Data —

────────────────────

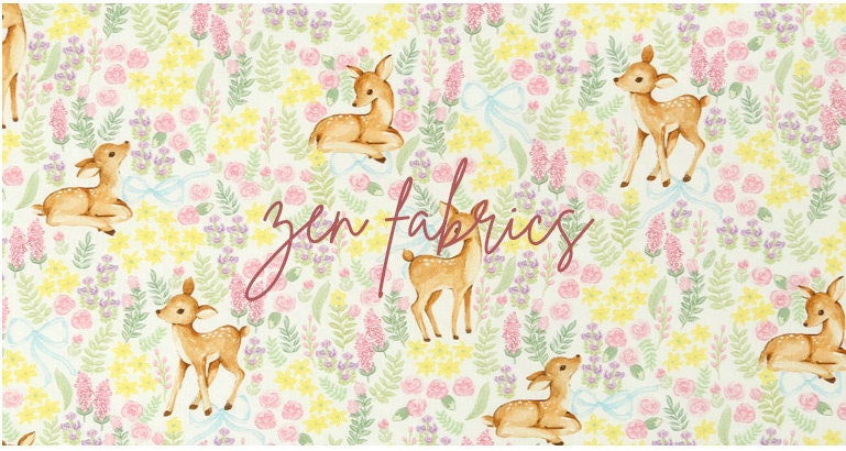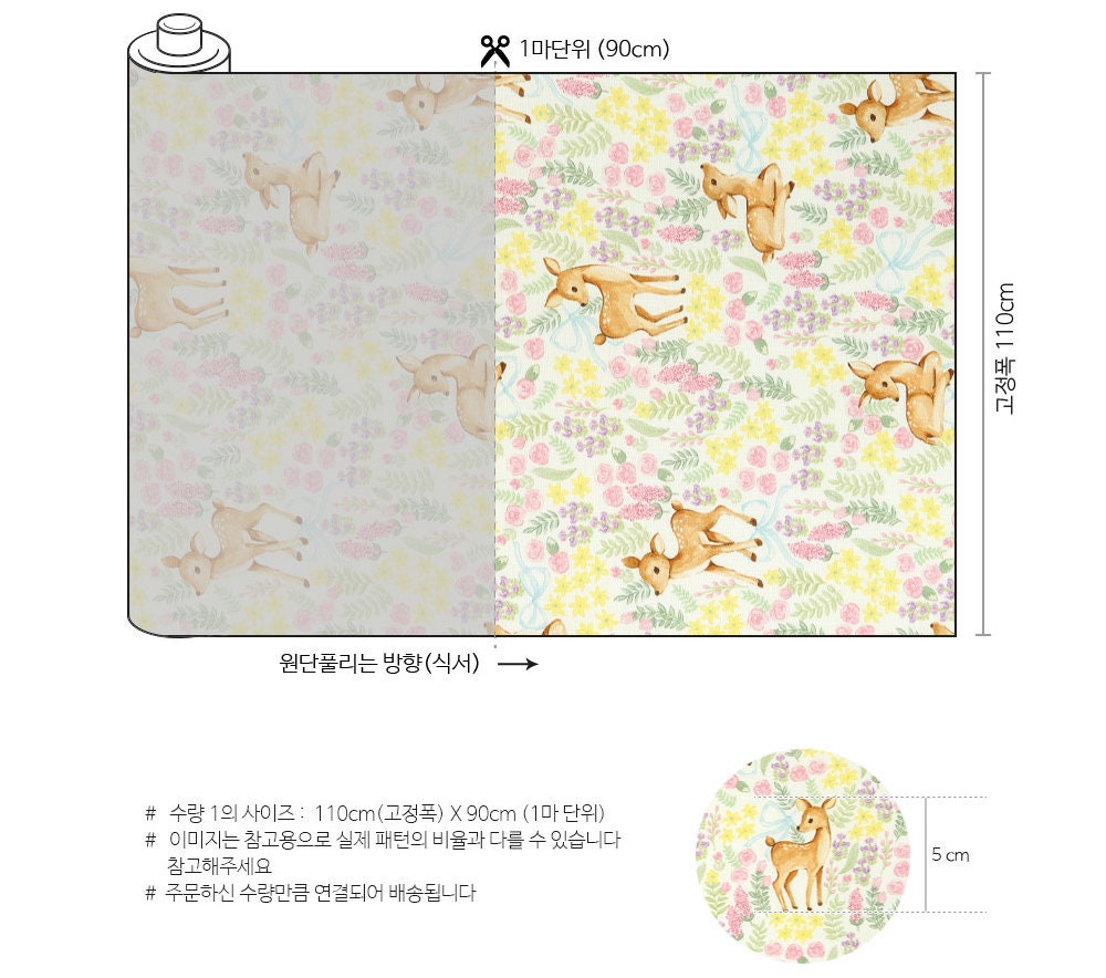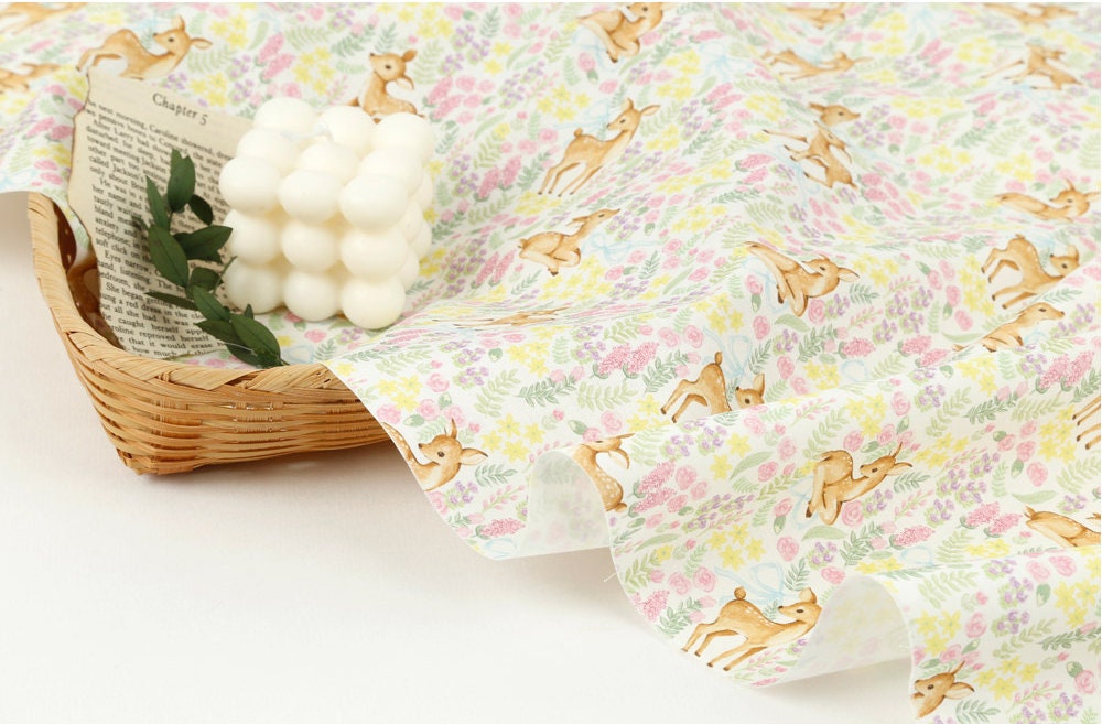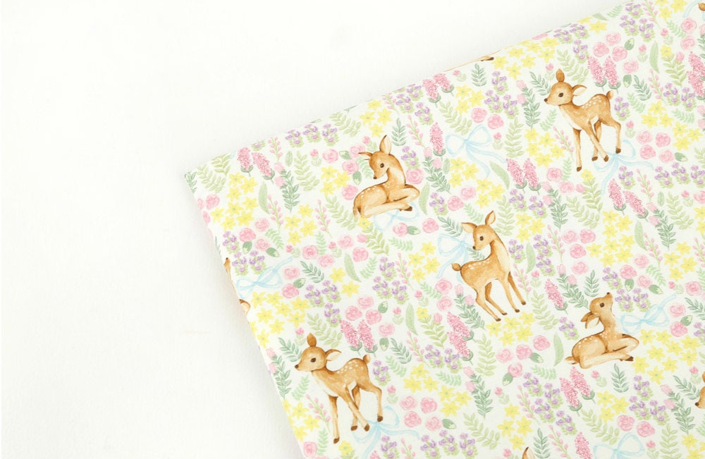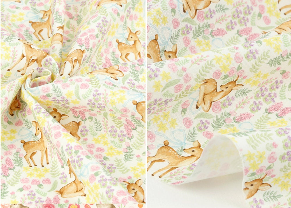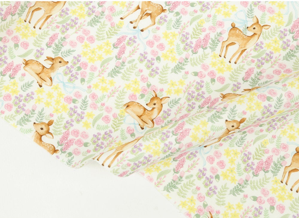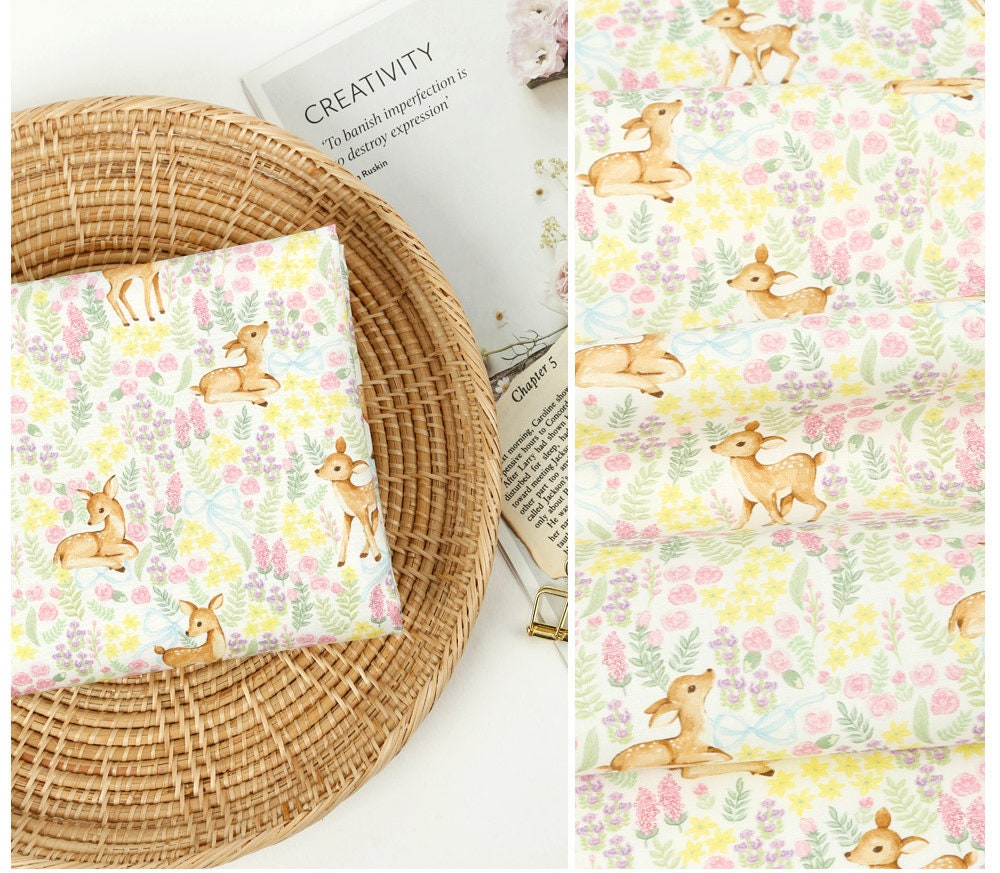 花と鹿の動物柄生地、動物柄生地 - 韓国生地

────────────────────

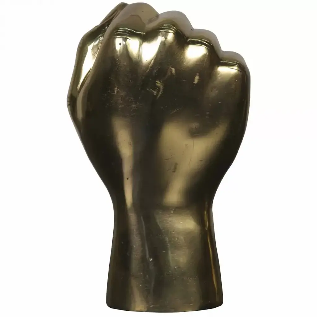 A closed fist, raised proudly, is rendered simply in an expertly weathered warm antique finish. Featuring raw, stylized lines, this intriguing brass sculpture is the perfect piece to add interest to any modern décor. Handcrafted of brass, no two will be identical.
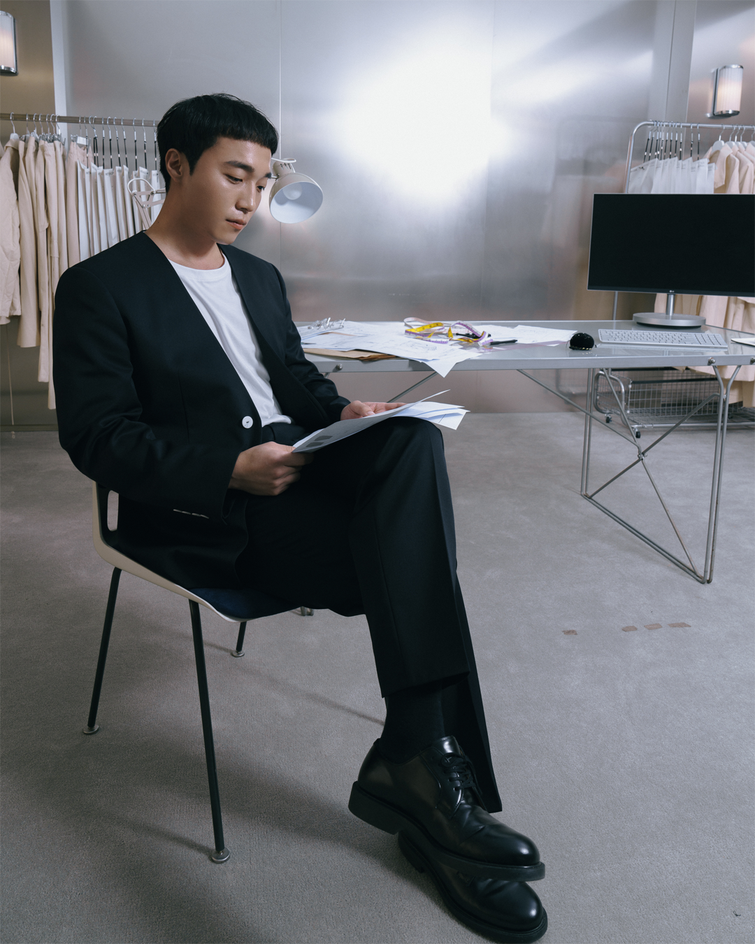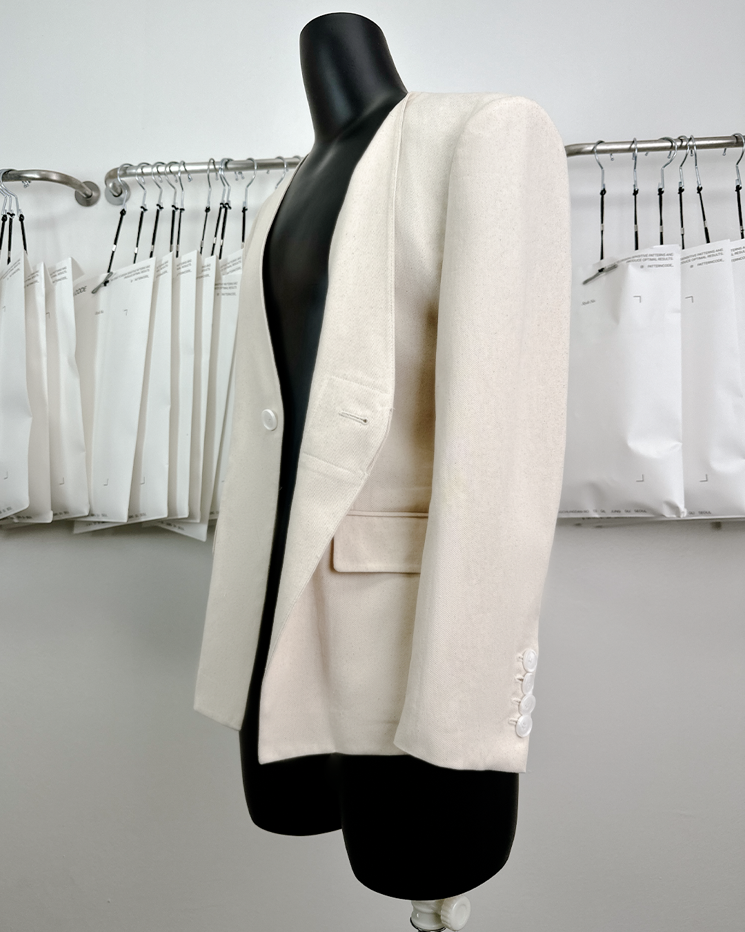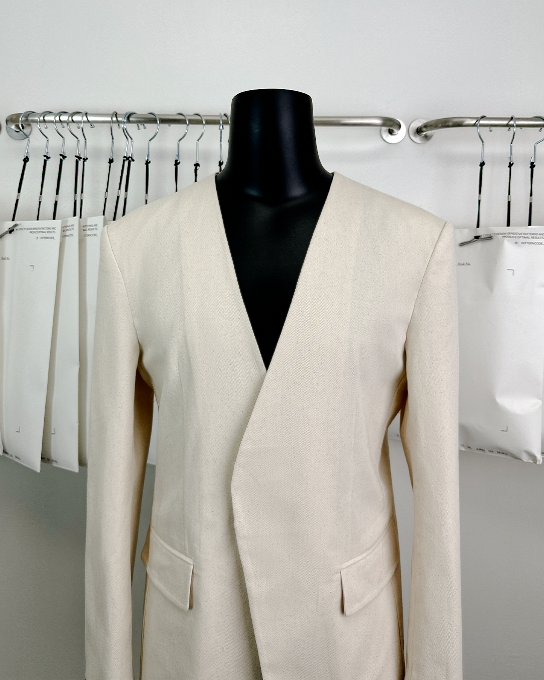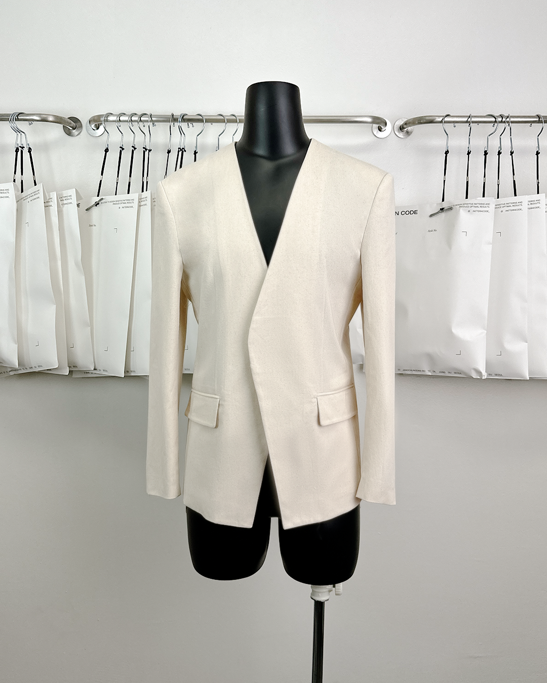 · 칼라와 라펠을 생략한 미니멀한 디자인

────────────────────

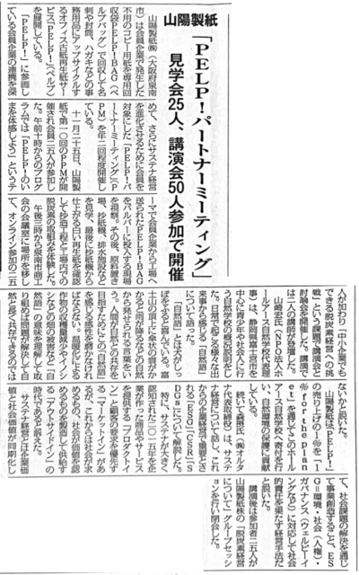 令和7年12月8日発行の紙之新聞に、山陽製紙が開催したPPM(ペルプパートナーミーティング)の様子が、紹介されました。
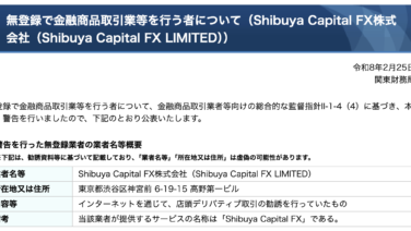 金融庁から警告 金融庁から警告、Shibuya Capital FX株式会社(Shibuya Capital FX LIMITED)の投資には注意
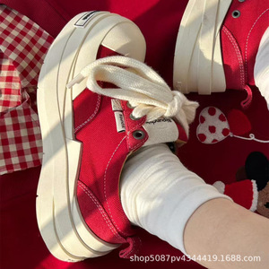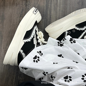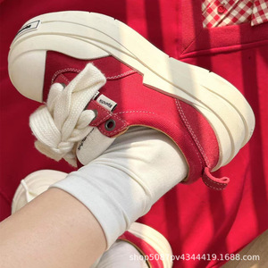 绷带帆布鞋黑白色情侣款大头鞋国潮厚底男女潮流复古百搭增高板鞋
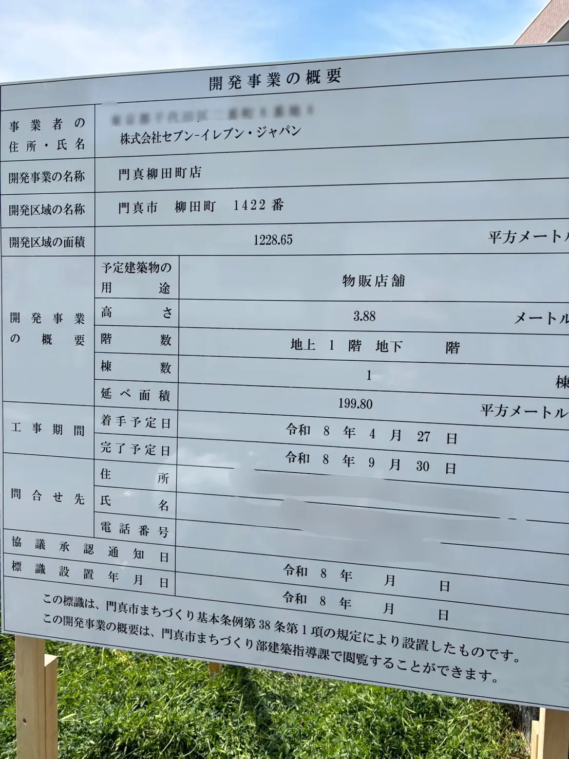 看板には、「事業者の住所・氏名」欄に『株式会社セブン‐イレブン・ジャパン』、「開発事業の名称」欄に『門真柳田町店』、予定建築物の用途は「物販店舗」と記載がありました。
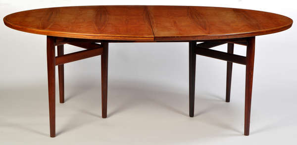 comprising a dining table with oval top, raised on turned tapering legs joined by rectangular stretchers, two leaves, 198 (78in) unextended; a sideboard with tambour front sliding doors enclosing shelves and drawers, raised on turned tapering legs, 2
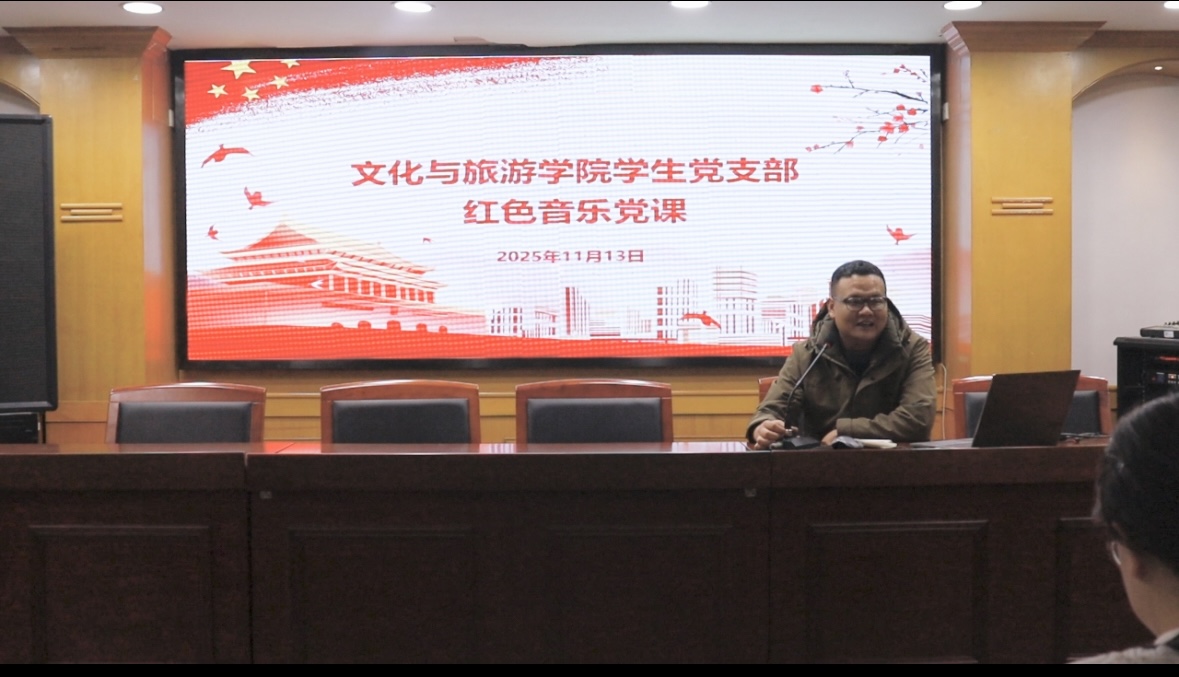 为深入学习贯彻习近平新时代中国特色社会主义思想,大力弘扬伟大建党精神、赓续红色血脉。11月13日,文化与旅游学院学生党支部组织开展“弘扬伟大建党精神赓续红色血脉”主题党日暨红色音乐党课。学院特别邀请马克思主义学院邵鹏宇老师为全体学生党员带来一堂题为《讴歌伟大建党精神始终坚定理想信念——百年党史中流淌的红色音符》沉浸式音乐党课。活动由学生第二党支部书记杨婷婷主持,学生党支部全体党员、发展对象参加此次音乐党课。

────────────────────

Instructions to follow — The lines to copy exactly start with the line above that has "令和7年12月8日発行の紙之" and go on through the line that has "为深入学习贯彻习近平新时代中"; please include both, add nothing else, and omit the pictures.

Output for this task —
 令和7年12月8日発行の紙之新聞に、山陽製紙が開催したPPM(ペルプパートナーミーティング)の様子が、紹介されました。
 金融庁から警告 金融庁から警告、Shibuya Capital FX株式会社(Shibuya Capital FX LIMITED)の投資には注意
 绷带帆布鞋黑白色情侣款大头鞋国潮厚底男女潮流复古百搭增高板鞋
 看板には、「事業者の住所・氏名」欄に『株式会社セブン‐イレブン・ジャパン』、「開発事業の名称」欄に『門真柳田町店』、予定建築物の用途は「物販店舗」と記載がありました。
 comprising a dining table with oval top, raised on turned tapering legs joined by rectangular stretchers, two leaves, 198 (78in) unextended; a sideboard with tambour front sliding doors enclosing shelves and drawers, raised on turned tapering legs, 2
 为深入学习贯彻习近平新时代中国特色社会主义思想,大力弘扬伟大建党精神、赓续红色血脉。11月13日,文化与旅游学院学生党支部组织开展“弘扬伟大建党精神赓续红色血脉”主题党日暨红色音乐党课。学院特别邀请马克思主义学院邵鹏宇老师为全体学生党员带来一堂题为《讴歌伟大建党精神始终坚定理想信念——百年党史中流淌的红色音符》沉浸式音乐党课。活动由学生第二党支部书记杨婷婷主持,学生党支部全体党员、发展对象参加此次音乐党课。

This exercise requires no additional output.